On the cloud front, competition remains asymmetric for tasks requiring deep multi-step reasoning, encyclopedic knowledge updated in real-time, and management of massive contexts without unpredictable behavior. Frontier models like Claude, ChatGPT, and Gemini still play on a different field for these scenarios. But the gap narrows with every release, and the direction is clear.
The Desire to Continue
This experience was what I hoped it would be: instructive, concrete, at times surprising. Installing a model of this quality locally, on a PC that is not a five-thousand-euro workstation, and getting responses that hold up against the best cloud services, would have seemed out of reach only twelve months ago. It isn't anymore.
Qwen 3.5 9B is certainly the most discussed open-weight model of recent weeks, and the fame it had built with previous versions of the family was not unfounded. But it is also just one of the points of this rapidly evolving ecosystem. For those with less VRAM or seeking excellence in coding, Microsoft's Phi-4-mini deserves attention.
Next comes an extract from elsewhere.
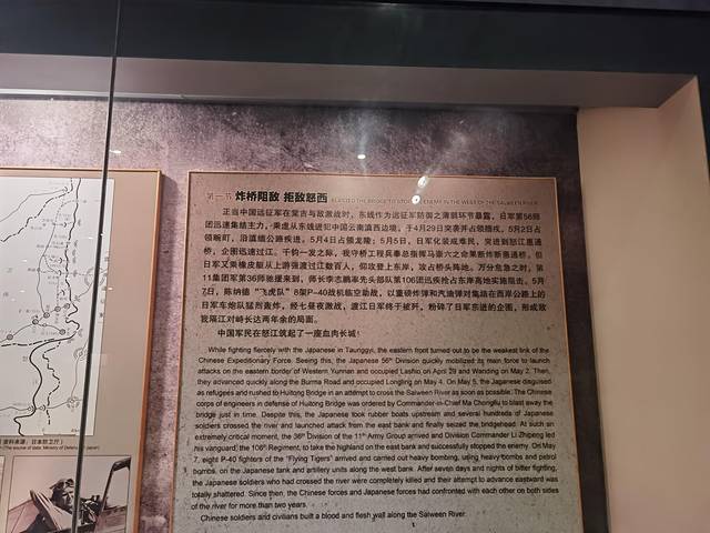 纪念馆以抗战实物为主、兼顾图片、文字及影像资料。两处展厅分为:抗战后方、御敌前线、怒江对峙、绝地反攻、逐寇出境、老兵不死、祈愿和平七个部分。

For those working primarily in Italian or European languages, the variants of Mistral have specific interesting features. Each model excels in something and gives way in another: the choice always depends on the use case, and the use case is known only to the one in front of the keyboard.
The point, however, is not which model to choose. The point is that this choice exists, is accessible, and works. Local LLMs, or SLMs if you prefer the more precise designation, are no longer an experiment for enthusiasts with laboratory hardware. They are current, functioning, improvable tools that respect privacy and that, with a hardware level just above the standard consumer one, become powerful allies for designing, writing, analyzing, and building.
You just need to be willing to get your hands dirty. And with these tools, hands get less and less dirty.